The rubber vulcanization process involved with making shoes can be smelly and inefficient. Vulcanization with sulfur requires high temperatures, long heating periods--and that nasty chemical smell. So Portland, Ore., based footwear company KEEN decided to try something new with its Santiago Collection of shoes: they're bringing back Desma's hand-operated direct vulcanization machines. The only catch is that these machines haven't been made for 60 years.

Desma's German-made machines stopped being manufactured because of the arrival of quicker chemical vulcanization processes. But KEEN CEO James Curleigh went on a worldwide hunt to find them--in part because the hand-cranked machines make for a healthier environment for workers. 

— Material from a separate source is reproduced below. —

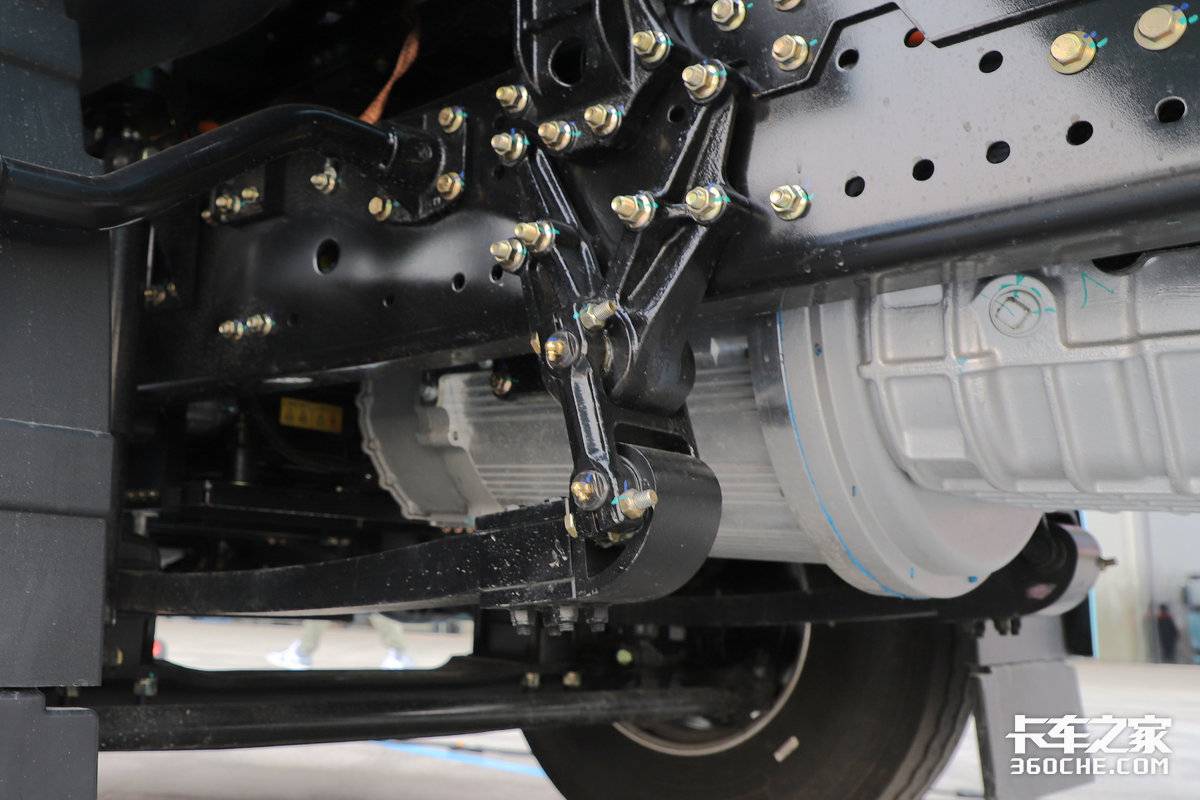 德龙M5000E的底盘采用高强度轻量化车架,多部位应用铝合金材质,包括轮圈、防护装置等。在保障承载与安全的同时,实现整车自重优化,整车重量控制在9.2吨左右,较同类产品领先400kg,助力用户提升载货收益。

"With these machines, the shoes don't smell at all," explains Linda Tom, KEEN's marketing manager. 

The Desma machines are the size of a small dryer, and can make shoes in a couple of minutes using heat and pressure to directly attach rubber to the canvas on KEEN shoes. It's a little bit slower than more modern vulcanization methods, but it's also more hands on--one machine makes the shoe, instead of having it sent along a production line.

Now that KEEN has refurbished dozens of Desma machines, the products have been sent to KEEN's new factory in the Dominican Republic for use. "The Dominican Republic has a long history of shoemaking, but factories are at low capacity or are not being used at all. We wanted to revitalize that [history]," says Tom.

The Santiago Collection goes on sale next year.